過去を乗り越え、日朝間の新たな関係を築く上で非常に重要な役割を担う主体として、地域に暮らす市民やNGOの存在がある。政府間にとどまらない多様なチャンネルを通じた具体的な市民同士の人的交流・連携は、両国市民の顔の見える関係を作り出し、平和共存に向けた雰囲気を生み出していく。そのような意味でも、限られたチャンネルの中においても日朝間の市民交流を活発に行っていく必要がある。その一つとして、今北朝鮮に必要な人道支援を日本の市民・NGOが積極的に行うことを強く望む。北朝鮮は今年8月中旬にあった断続的な豪雨により甚大な被害を受け、国連の各機関も緊急支援の必要性を訴えている。未来の共生社会のパートナーである北朝鮮の市民が水害被害に苦しむ様子を直視し、人道支援を積極的に進めることの必要性を訴えたい。

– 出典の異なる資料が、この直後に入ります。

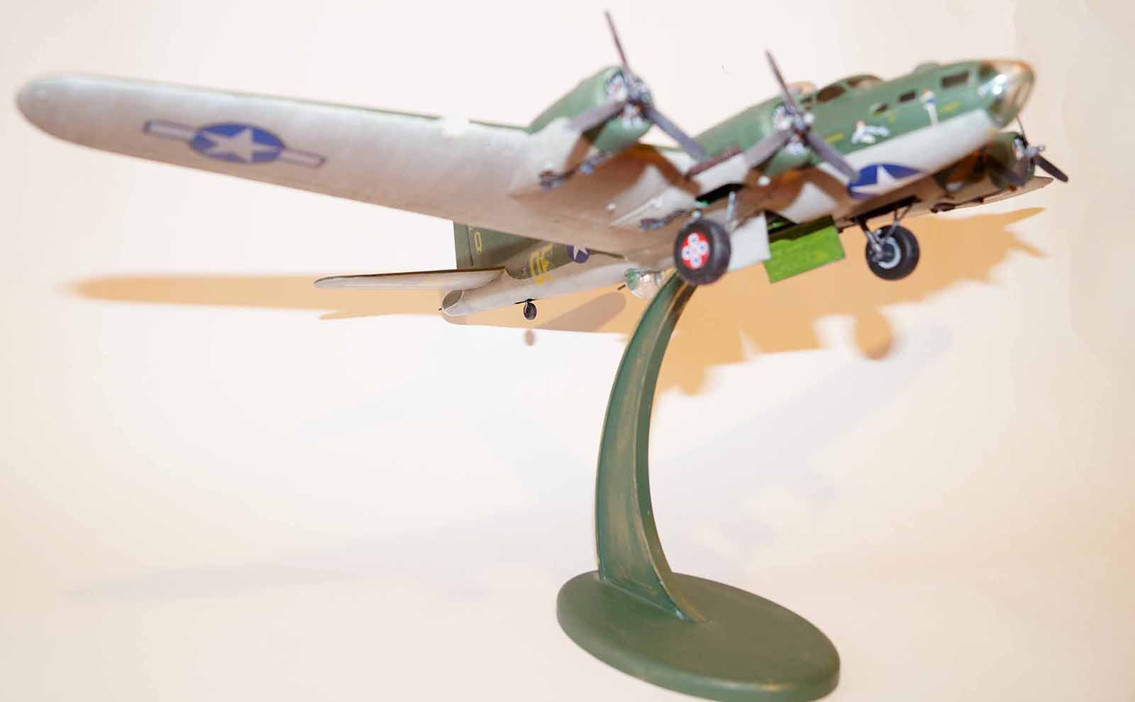 На честный суд выставляю данный самолет . Некоторые детали в виде стволов пулемёта были повреждены во время нападения моего наследника , ибо сын настоящий , чистокровный славянин ( трех лет от роду) , и уже в этом возрасте решил развязать войну с американской военщиной. Проявив отсутствие патриотизма , пришлось спасать вражеский самолет. Поэтому , что есть , то есть ! Ремонтировать уже было просто лень . Да и другую модель начал. Поэтому , как то не до него стало Boeing B-17 Flying Fortress («Летающая крепость») — первый серийный американский цельнометаллический тяжёлый четырёхмоторныйбомбардировщик.
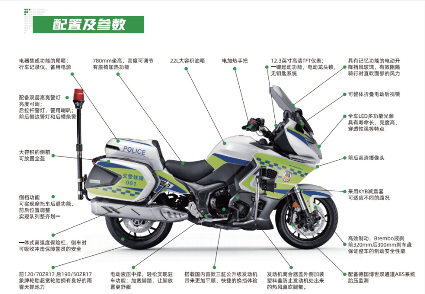 作为国内首款三缸公升级巡航警车,BJ1200J在摩托圈中独具一格,充满力量感的流线型车身设计释放出凌驾绝伦的磅礴气势。220km/h最高设计时速和前320mm、后300毫米刹车盘充分彰显了其礼宾护卫车定位。具有记忆功能的电动升降挡风玻璃和可整体折叠电动后视镜充分展现了钱江摩托在制造工艺和产品质量上的精益求精。
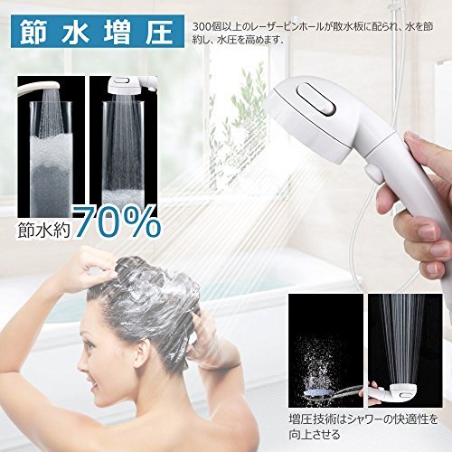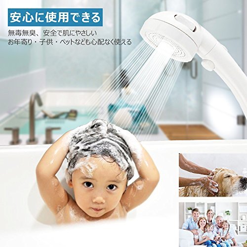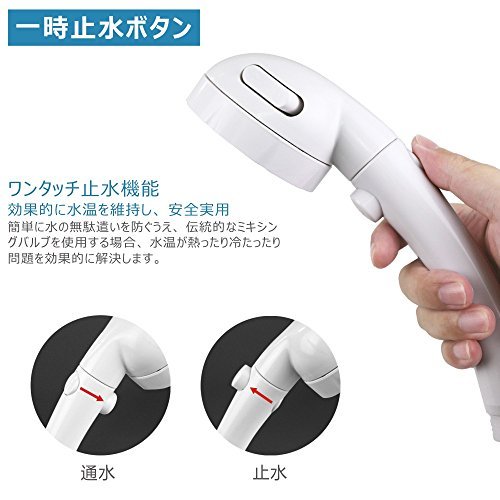 - 【一時STOPボタン&簡単取り付け】一時的にワンタッチで水をON/OFFできる。シャワー中、わざわざ給水栓を閉める必要がない、目を閉じたまま操作でき、お湯を無駄にしない;当製品接続のネジは国際汎用基準G1/2で、ほとんどのホースとマッチングするができます。女性でも簡単取り付け、交換できますので、ご安心に購入してください。 ご注意:少数のシャワー用品ブランドは自分のネジ基準があるから、この場合はアダプター(別売り)が必要です。予めご了承ください。

現在、北朝鮮に対する敵意と蔑視が蔓延する日本社会にあって、在日コリアンに対してもその矛先は向けられつつある。日本政府によってとられる北朝鮮への制裁措置は、有形無形に在日コリアンにも影響を与えている。再入国許可の一部制限や、在日本朝鮮人総連合会及び関連施設への相次ぐ強制捜査などに象徴される行為は、日本政府の政治的意図抜きに考えることはできない。さらに直接的ではなくとも、このような状況に多くの在日コリアンが不安や絶望にさらされている。国家の狭間で生きる私たち在日コリアンは、不正常な国家間関係の中で常に翻弄され、最もその影響を受ける存在である。日朝交渉においては、在日コリアンに関わる課題についても十分な協議が行われること、当事者である私たち在日コリアンの要望が確実に反映されることを求める。

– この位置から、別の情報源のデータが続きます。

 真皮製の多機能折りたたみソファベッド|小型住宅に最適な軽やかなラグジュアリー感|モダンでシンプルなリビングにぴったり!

日朝間の不正常な関係は、日本社会の中であたかも当たり前かのように受け止められている。この固定化された状況を動かすには大きな困難さを伴うだろう。しかしながら、諸課題の解決に向けたたゆまぬ対話の努力で国交正常化への道が開かれる。そのことは、取りも直さず、東アジア地域全体の平和と共生につながるものだ。今後における両国政府間の誠実な対話の重要性を再度確認しながら、私たちは第1回日朝首脳会談から5年目を迎える今日、改めて日朝間の対話の促進と国交正常化を求めるものである。